The perfect sailing hat

I HAVE BEEN SEARCHING for the perfect sailing hat for years. Still haven’t found it, but I’ve come close.

I lost my hat the very first time I sailed in a keelboat. I was just a kid, a cabin boy, standing up in the forward hatch of a beautiful Knut Reimers wooden racing sloop called Viking, owned by Fred Smithers, a lawyer who lived in Cape Town. We were crashing into a black southeaster near Cape Point when the afterguard decided to tack. The jib swept over the deck, brushed against my head, and wiped my hat off.
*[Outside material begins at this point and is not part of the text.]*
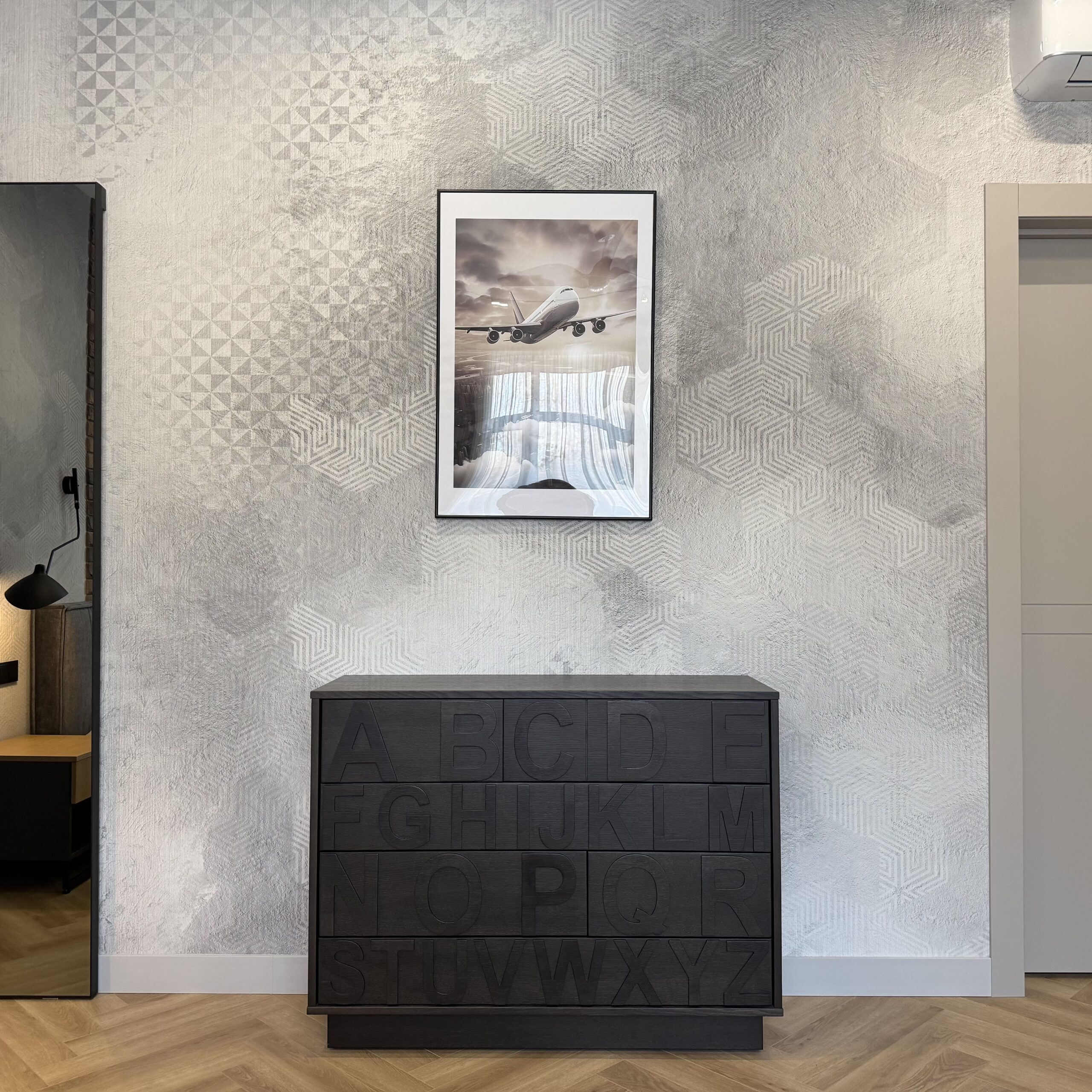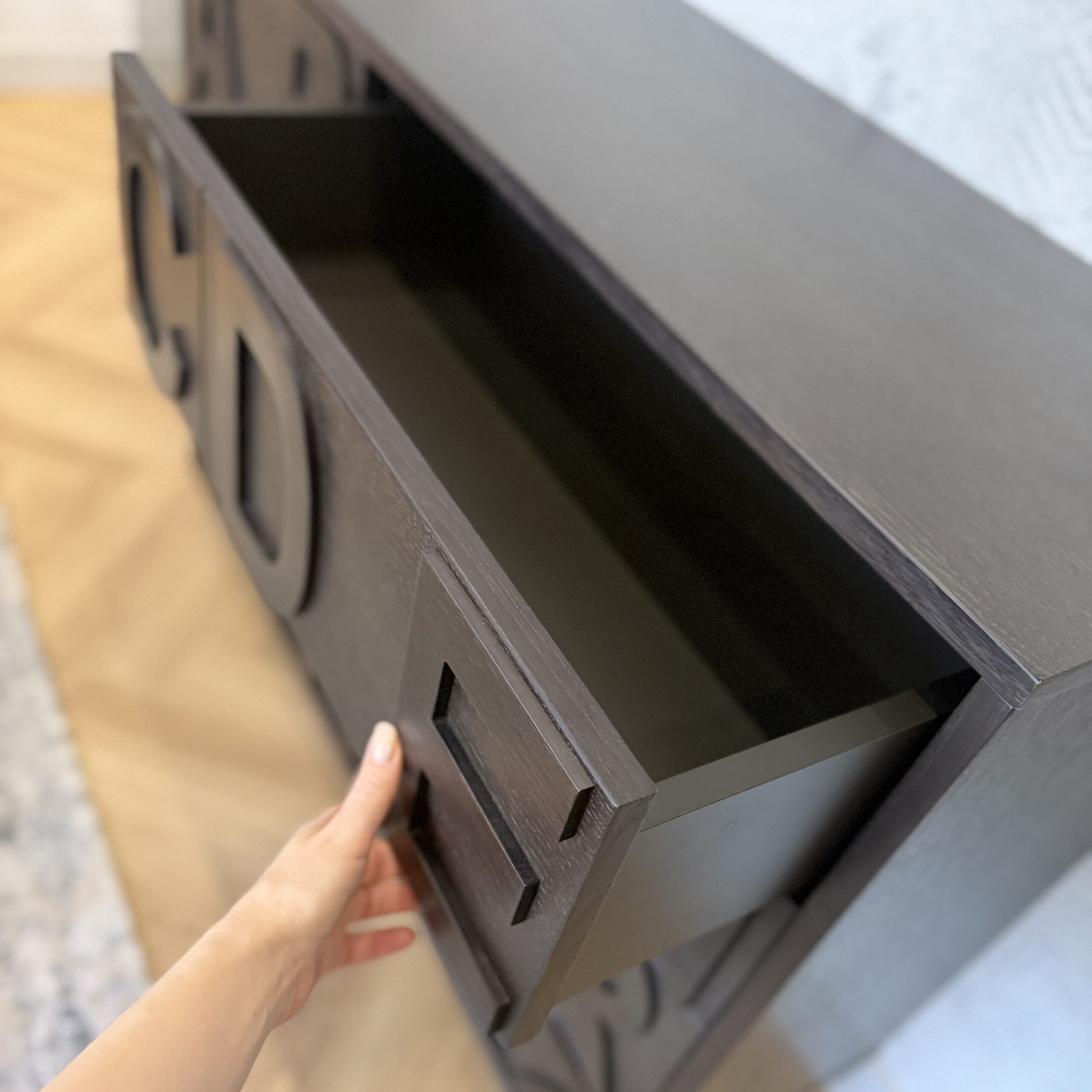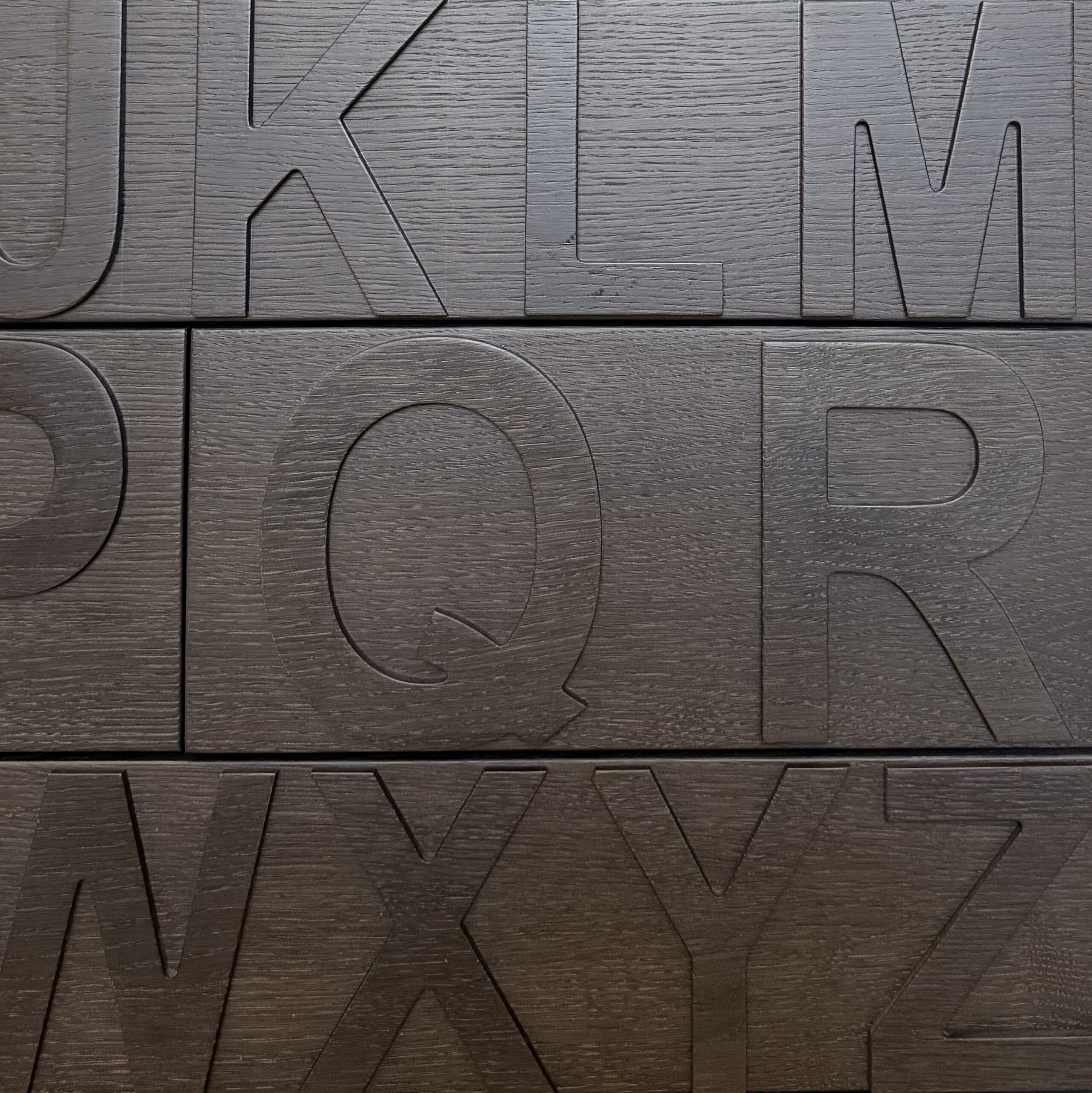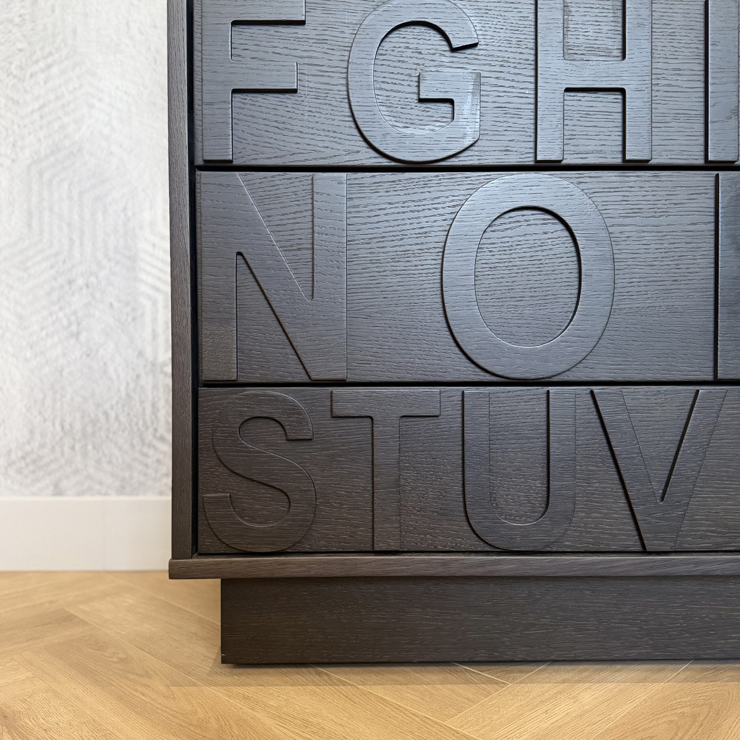 Комод в шпоне дуба с объёмными буквами из массива — выразительный акцент, в котором натуральный материал работает на глубину образа. Тёплая текстура дуба раскрывается в спокойной геометрии формы, а рельефные буквы на фасаде добавляют индивидуальность и характер, превращая предмет в полноценный элемент композиции.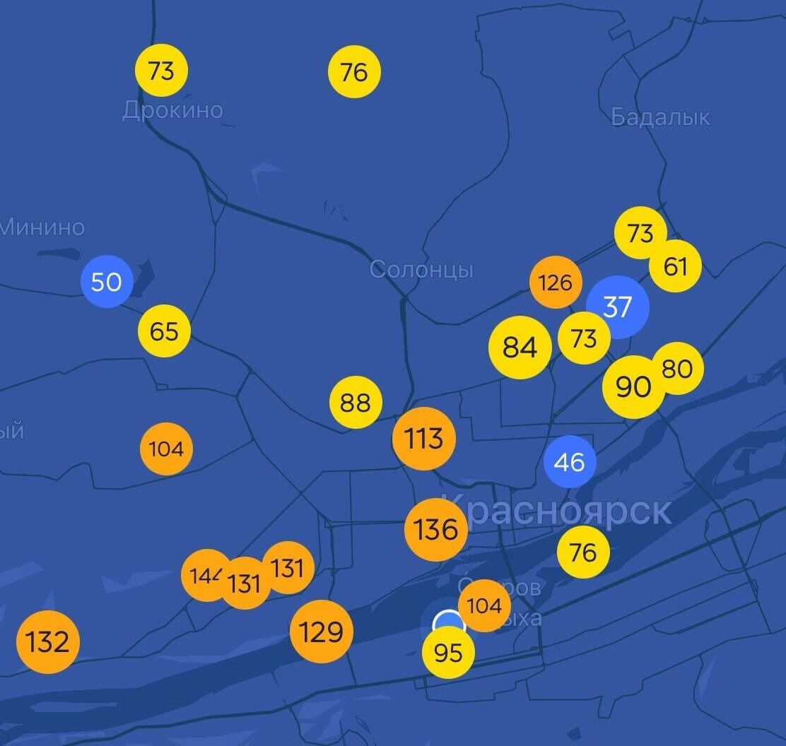 Судя по датчикам проекта Nebo.Live, сейчас хуже всего в Красноярске дышится в Железнодорожном районе, Академгородке, в Тихих Зорях и на улице Петра Подзолкова. Там датчики горят красным и оранжевым цветами.

I saw it floating away to leeward and knew instinctively that no-one was going to offer to go back for it.

Since then, I’ve tried many different hats, from knitted black watch caps to a bright red fisherman’s sou’wester, but none of them has fully met my requirements, namely the need to be lightweight, waterproof, windproof, and irresistibly attractive to ladies.

I notice that some famous cruisers such as Larry Pardey let themselves be photographed in wide, shady, straw hats that look pleasantly goofy but I know for a fact they can’t wear them when they go up forward to douse the jib in anything over 10 knots of wind.

I rather like the look of some European yachting hats, the kind you see them wearing at Cowes Week or when the Queen comes to inspect the fleet or say howdy to the members of the Royal Yachting Association or whatever. And those Greek skipper’s caps, which look so very dashing, have undoubtedly helped lure many an innocent maiden into the nether regions of floating gin palaces; but the trouble with all of them is that they won’t stay put in any decent wind. Besides, you need a lot more chutzpah than I’ve got to wear a cap adorned with captain’s gold braid when you’re only the skipper of a 26-year-old, 27-foot sloop like mine. The hat should fit the vessel as well as the man.

And it should fit the weather, of course. For example, around here last week it was blowing 60 and gusting 80 miles an hour. Just a few miles up State Route 20, in the Cascades, they were expecting 20 inches of snow overnight. And down here on the coastal plain of Puget Sound, it was all solid rain and inside-out umbrellas.

We hear a lot about hurricanes on the East Coast but they don’t even know we have hurricane-force winds on the coast here every winter, regular as clockwork. We don’t whine about it. We just tie our hat strings tighter around our chins.

Anyway, to cut it short, I eventually found that the most practical headgear for my part of the world was a good old baseball cap underneath a hood attached to an anorak or a foul-weather jacket. The hood should have strings under the chin, of course, so you can adjust its tightness and prevent the baseball cap from escaping.

Now you have a waterproof, windproof hat with a peak that keeps the spray off your glasses and the sun out of your eyes; a hat that won’t get knocked off when you lurch against the shrouds; a hat that can’t be brushed off by the jib when some fool decides to tack without warning.

It’s almost ideal. It certainly fits the vessel. The only problem is that it conveys a sort of rumpled homeless appearance, which seems not to appeal to nice ladies, even without the plastic bags around my feet. My aim for next season is to improve the look of this arrangement so as to convey more of a feeling of dashing nautical nerdiness. Any suggestions would be welcomed.

Today’s Thought
Ignorant people in preppy clothes are more dangerous to America than oil embargoes.
— V. S. Naipaul

Tailpiece
“My husband is so careless about his appearance. He just can’t seem to keep buttons on his clothes.”
“Maybe the buttons weren’t sewn on properly in the first place.”
“Oh, you may have a point there. He’s terribly careless with his sewing, too.”